Эти слова скромно вынесены Фигнер в постраничные примечания. Видимо, она не хотела акцентировать внимание на этой теме, но ей не понравилась попытка Колосова выражать собственные политические взгляды за счет истории «Народной Воли».
«Послесловие» построено на другом противопоставлении – либералов и революционеров, легальной и нелегальной жизни, которое Фигнер формулирует преимущественно на уровне практики, а не идеологии. Ошибочность призыва Михайловского к союзу «Народной воли» с либералами Фигнер объясняла тем, что «нелегальные члены организации на практике знали, до какого предела эти лица идут или могут идти на рискованное дело, бывшее для нас самих обычным порядком дня»[28]. Серьезной ошибкой Колосова Фигнер считала его одинаковый подход к изучению легальной и нелегальной публицистики: в последней авторы выражали не свою собственную точку зрения, а настроения всего коллектива революционной партии. Апофеозом противопоставления либералов и революционеров было сравнение образов жизни не имевшего определенных средств к существованию, ютившегося с семьей в маленькой квартирке Тихомирова и респектабельного Михайловского, который вел спокойный образ жизни обеспеченного легального публициста. Противопоставила Фигнер народовольцев и Михайловского и по тяжести постигшего их наказания. С идеологической точки зрения Фигнер оценивала взгляды Михайловского как либеральные, так как он не был противником частной собственности на землю. Похожее отношение к Михайловскому мы находим в выступлении Фигнер на вечере, посвященном 25-летию со дня его смерти, в 1929 г.: «Для моего молодого фанатизма, он был слишком от мира сего, и я не могла принять его. Как человек – он был далек от меня»[29]. Для Фигнер существовал сплоченный коллектив людей, решивших отдать и, действительно, отдавших свою жизнь в революционной борьбе. Между ним и остальным миром существовали четкие границы, которые Фигнер считала своим долгом оберегать.

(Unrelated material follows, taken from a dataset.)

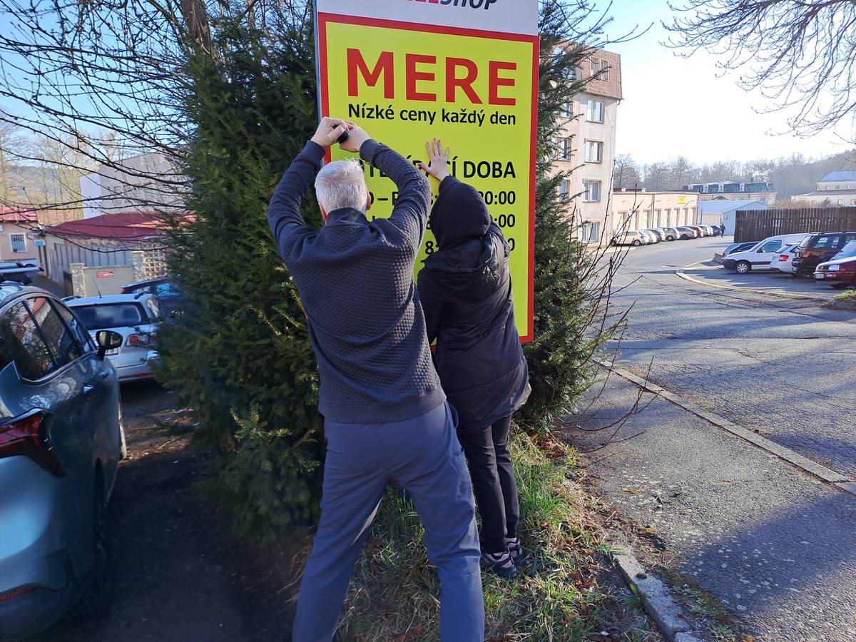 Informační cedule byla umístěna k odbočce k obchodu až po jeho otevření

В.Н. Фигнер и Л.А. Тихомиров
Вторым лейтмотивом «Послесловия» была защита Тихомирова. Фигнер утверждала, что Тихомиров не был якобинцем, искренне придерживался тех же взглядов, что и большинство народовольцев, а в своей публицистике был рупором не Михайловского, а всего Исполнительного комитета (далее – ИК) «Народной Воли».

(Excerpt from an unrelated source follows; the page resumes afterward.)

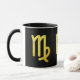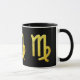Símbolo de Virgem em ouro sobre fundo preto.
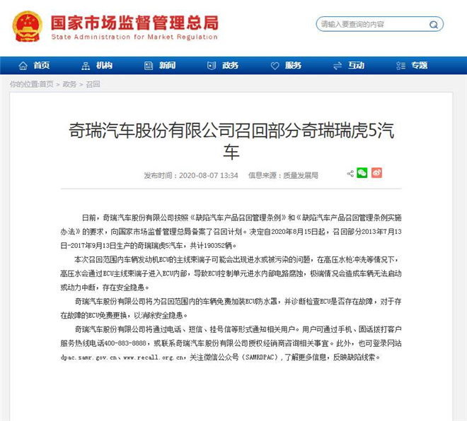 8月8號,據(jù)國家市場監(jiān)管總局官網(wǎng)發(fā)布公告稱,奇瑞汽車決定自2020年8月15日起,召回部分2013年7月13日- 2017年9月13日生產(chǎn)的奇瑞瑞虎5汽車,共計(jì)190352輛。召回原因則是在上述生產(chǎn)日期中的奇瑞瑞虎5車型,存在無法啟動(dòng)或動(dòng)力中斷等安全隱患。

Для правильного понимания полемики вокруг роли Тихомирова обратимся к предыстории этого вопроса. Переход Тихомирова на сторону монархии был тяжелым ударом для его товарищей по революционному движению. Можно было подумать, что ренегатство Тихомирова должно было отразиться на воспоминаниях о нем. Однако в основном бывшие соратники Тихомирова, знавшие его по кружку «чайковцев» и «Народной Воле», в своих мемуарах признавали его роль как главной интеллектуальной силы и литературного рупора ИК «Народной Воли», описывали его как умного, рассудительного, начитанного человека, убежденного и искреннего революционера, отмечая при этом его некоторые странности – шпиономанию и религиозность[30]. Особняком стоят мемуары Морозова и Любатович, считавших Тихомирова человеком без прочных убеждений, а его репутацию наилучшего выразителя взглядов ИК мифом, которым народовольцы «гипнотизировали сами себя, а вместе с собою и публику»[31]. Но даже Любатович сочувственно писала: «Горше доли, как доля Тихомирова, придумать трудно…»[32].

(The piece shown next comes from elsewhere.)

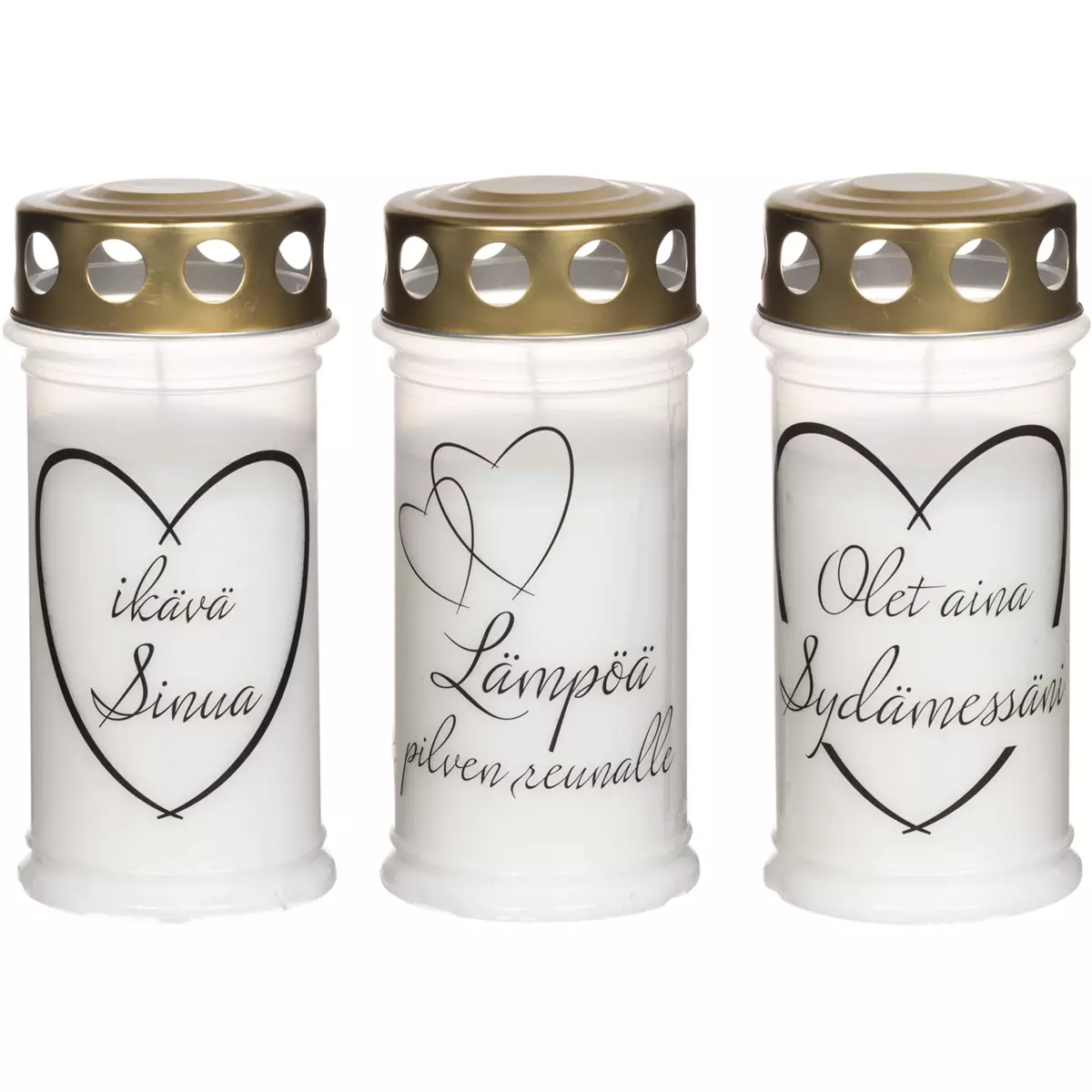 Perinteinen 65h ajan palava hautakynttilä teksteillä. Valittavana "Ikävä Sinua", "Lämpöä pilven reunalle" ja "Olet aina sydämessäni".

Таким образом, вспоминая о Тихомирове, его бывшие соратники стремились описать его таким, каким они его знали и воспринимали в свое время, не позволяя его ренегатству затмить сохранившийся в памяти образ. Разумеется, они не могли не думать о последующем переходе Тихомирова на сторону монархии, однако в их мемуарах мы не найдем осуждения поступка Тихомирова, а лишь попытки разобраться в его причинах.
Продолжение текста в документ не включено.